Search code examples
pythontestingmultiprocessingpytestconcurrent.futures

Pytest monkeypatch a multiprocess function for testing


Pytest monkeypatching a function that uses multiprocess (via concurrent.futures.ProcessPoolExecutor) does not work as expected. If the same function is written with a single process or multithread (via concurrent.futures.ThreadPoolExecutor), monkeypatch works as expected.

Why does multiprocess monkeypatch fail and how does one correctly monkeypatch a multiprocess function for testing?

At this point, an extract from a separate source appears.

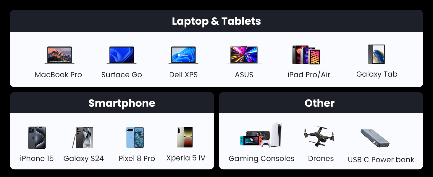 - UNIVERSAL CHARGING SOLUTION: Paired with 20W/30W/45W/60W/65W/87W USB-C charger, this 100W USB C to USB C cable is designed to charge USB-C devices such as mobile phones (iPhone 15/15 Pro/15 Pro Max, Galaxy S24/S23/z fold 5/A35, Pixel 8/7, Moto G Play), tablets (iPad Air/Pro, Galaxy Tab S9, Surface Pro 9), laptops (MacBook Pro/Air, Dell XPS, ) and other USB-C devices (Steam Deck, AirPods Pro 2)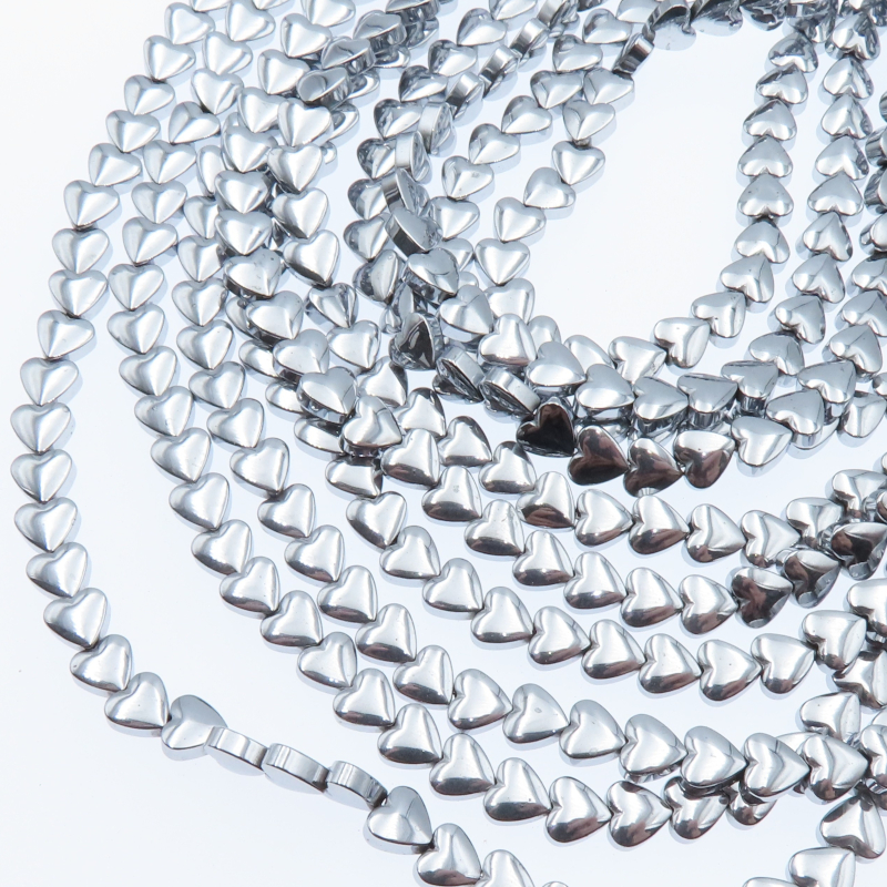 Naturalny hematyt srebrny w formie kulek-serce o średnicy około 6 mm, nawleczony na sznur o długości około 40 cm. Kamienie prezentują metaliczny srebrny połysk i gładką powierzchnię, co nadaje biżuterii elegancki i nowoczesny charakter.

Simplest code example to illustrate my question is below. In actual usage, I would try to monkeypatch a function imported from another module.

# file_a.py

import concurrent.futures as ccf

MY_CONSTANT = "hello"

def my_function():
    return MY_CONSTANT


def singleprocess_f():
    result = []
    for _ in range(3):
        result.append(my_function())
    return result


def multithread_f():
    result = []
    with ccf.ThreadPoolExecutor() as executor:
        futures = []
        for _ in range(3):
            future = executor.submit(my_function)
            futures.append(future)
        for future in ccf.as_completed(futures):
            result.append(future.result())
    return result


def multiprocess_f():
    result = []
    with ccf.ProcessPoolExecutor() as executor:
        futures = []
        for _ in range(3):
            future = executor.submit(my_function)
            futures.append(future)
        for future in ccf.as_completed(futures):
            result.append(future.result())
    return result

I expected all tests to pass (pip install -U pytest, run tests with pytest test_file_a.py):

# test_file_a.py

from file_a import multiprocess_f, multithread_f, singleprocess_f

# PASSES:
def test_singleprocess_f(monkeypatch):
    monkeypatch.setattr("file_a.MY_CONSTANT", "world")
    result = singleprocess_f()
    assert result == ["world"] * 3

# PASSES:
def test_multithread_f(monkeypatch):
    monkeypatch.setattr("file_a.MY_CONSTANT", "world")
    result = multithread_f()
    assert result == ["world"] * 3

# FAILS:
def test_multiprocess_f(monkeypatch):
    monkeypatch.setattr("file_a.MY_CONSTANT", "world")
    result = multiprocess_f()
    assert result == ["world"] * 3

Solution

  • My guess is that you are running on some platform that uses by default the spawn method for creating new processes (e.g. Windows). If that is the case, it does not matter what value you assign to MY_CONSTANT in the main process, using monkeypatch or otherwise, because when the child pool processes are created they will initialize its memory by re-executing the statement MY_CONSTANT = "hello". That is, child processes created with spawn do not inherit any values from the parent process but instead initialize memory by executing all statements at global scope (e.g. import statement, function and variable declarations, etc.).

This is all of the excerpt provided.